BEGIN Source information

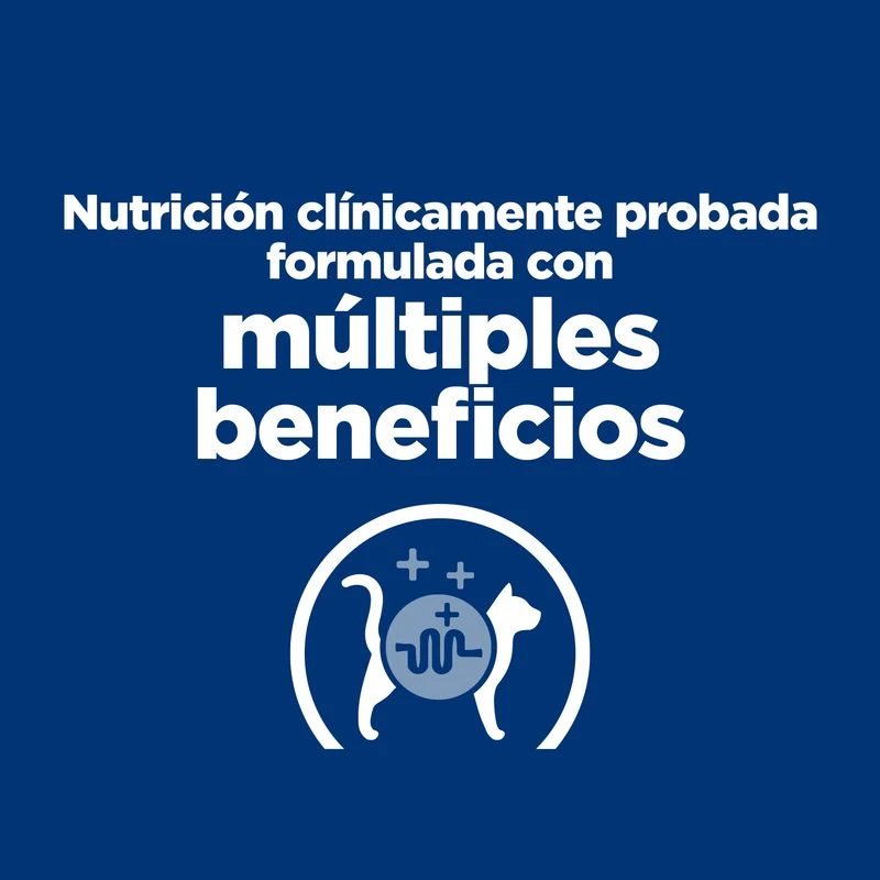 Beneficios clave de Hill’s w/d para gatos:Bajo en calorías y grasa para ayudar a mantener el peso ideal.Elevada cantidad de fibra que contribuye a la saciedad, reduce el apetito y ayuda a agilizar el tránsito intestinal.Con L-carnitina contribuye a una reducción de peso más rápida y al mantenimiento de la masa muscular magra.Ayuda a neutralizar los radicales libres gracias a su contenido elevado de antioxidantes.Proporciona un excelente sabor y facilita la mezcla con el alimento seco que a tu gato le encantará.
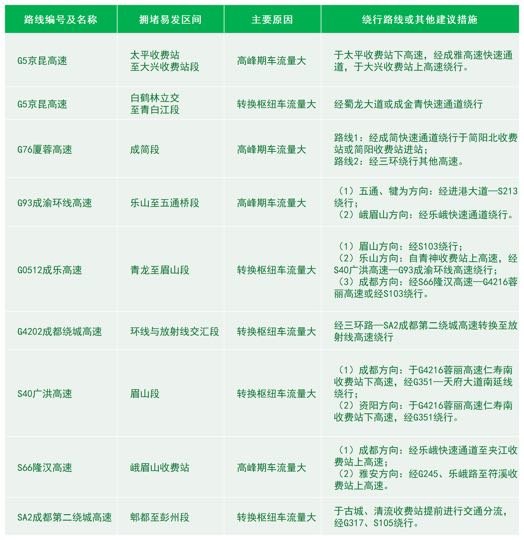 普通国省干线方面,预计端午假期全省普通国省干线日均断面流量约9033辆,同比增长14.0%,主要集中在眉山、成都、自贡、绵阳、乐山、德阳、广元、泸州、遂宁、宜宾。
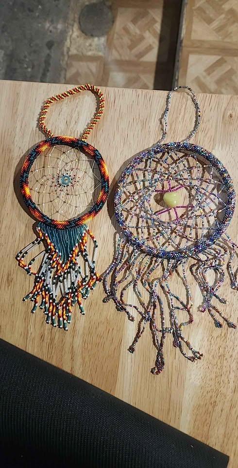 Hand made beaded dream catchers. These are hand made with countless hours of hand beadwork put into each of them.
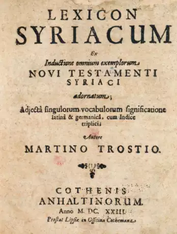 ADB 38, 657. VD17 12:128565E. - Trost (1588-1636) machte sich in seiner Zeit besonders um die syrische Sprache und Literatur verdient. - Anfang angerändert (tls. etw. Textverlust), durchgehend etw. gebräunt, vereinzelt etw. fleckig, vord. flieg. mit Ausschnitt u. hs. Eintragung. Ehemaliges Bibliotheksexemplar.
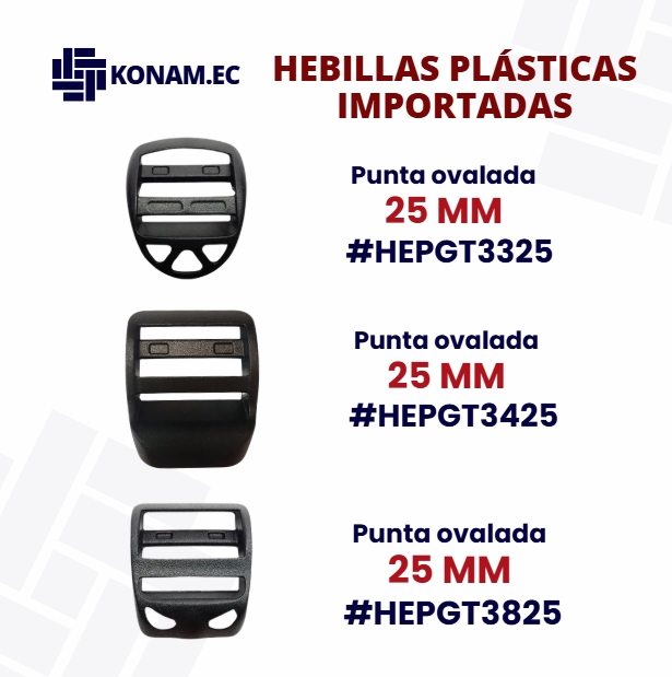 Hebillas nacionales e importadas fabricadas en plástico resistente, disponibles en varios modelos y colores. Son ideales para confección gracias a su durabilidad y facilidad de uso. Se venden por cientos, convirtiéndolas en una opción práctica y económica para productores de mochilas, bolsos, maletas y prendas.
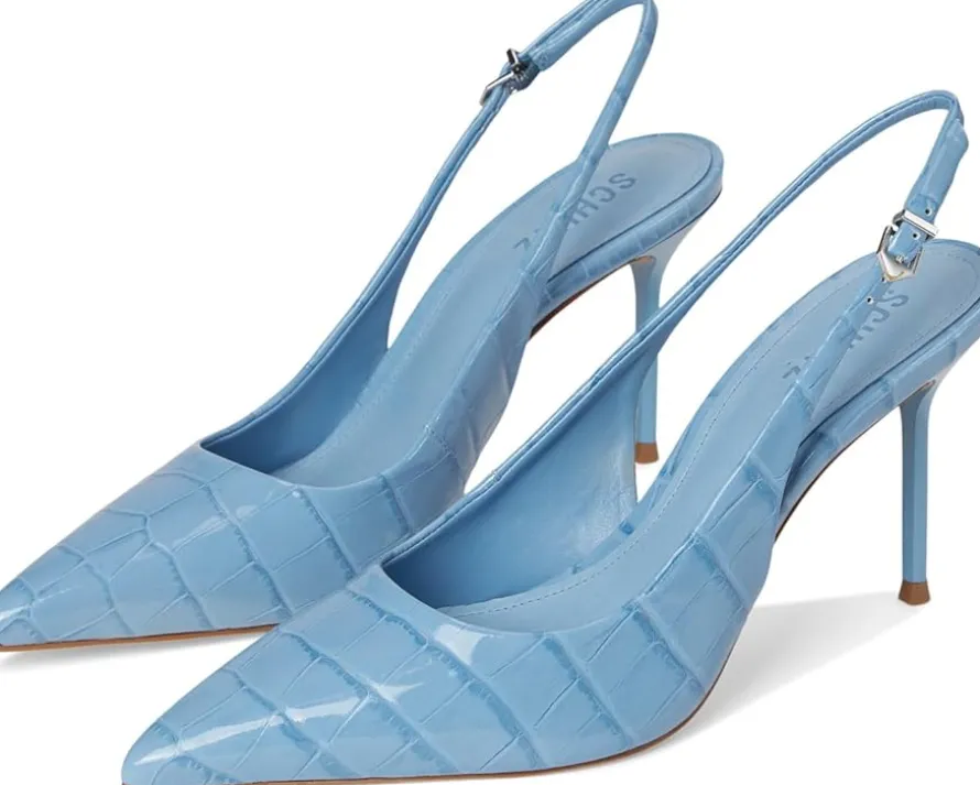 - Step into style wearing the Schutz® Paola heels. Made with trendy croc-embossed leather upper and featuring fierce pointed toes, these stiletto heels are perfect for any fashion-forward individual. The adjustable slingback strap with buckle closure offers a customizable fit, while the leather lining and EVA insole provide added comfort and support.

END Source information

=== Activity ===
Up to and including the line containing "Hebillas nacionales e", repeat every line from the start of the data, but none of the pictures.

=== Exercise output ===
 Beneficios clave de Hill’s w/d para gatos:Bajo en calorías y grasa para ayudar a mantener el peso ideal.Elevada cantidad de fibra que contribuye a la saciedad, reduce el apetito y ayuda a agilizar el tránsito intestinal.Con L-carnitina contribuye a una reducción de peso más rápida y al mantenimiento de la masa muscular magra.Ayuda a neutralizar los radicales libres gracias a su contenido elevado de antioxidantes.Proporciona un excelente sabor y facilita la mezcla con el alimento seco que a tu gato le encantará.
 普通国省干线方面,预计端午假期全省普通国省干线日均断面流量约9033辆,同比增长14.0%,主要集中在眉山、成都、自贡、绵阳、乐山、德阳、广元、泸州、遂宁、宜宾。
 Hand made beaded dream catchers. These are hand made with countless hours of hand beadwork put into each of them.
 ADB 38, 657. VD17 12:128565E. - Trost (1588-1636) machte sich in seiner Zeit besonders um die syrische Sprache und Literatur verdient. - Anfang angerändert (tls. etw. Textverlust), durchgehend etw. gebräunt, vereinzelt etw. fleckig, vord. flieg. mit Ausschnitt u. hs. Eintragung. Ehemaliges Bibliotheksexemplar.
 Hebillas nacionales e importadas fabricadas en plástico resistente, disponibles en varios modelos y colores. Son ideales para confección gracias a su durabilidad y facilidad de uso. Se venden por cientos, convirtiéndolas en una opción práctica y económica para productores de mochilas, bolsos, maletas y prendas.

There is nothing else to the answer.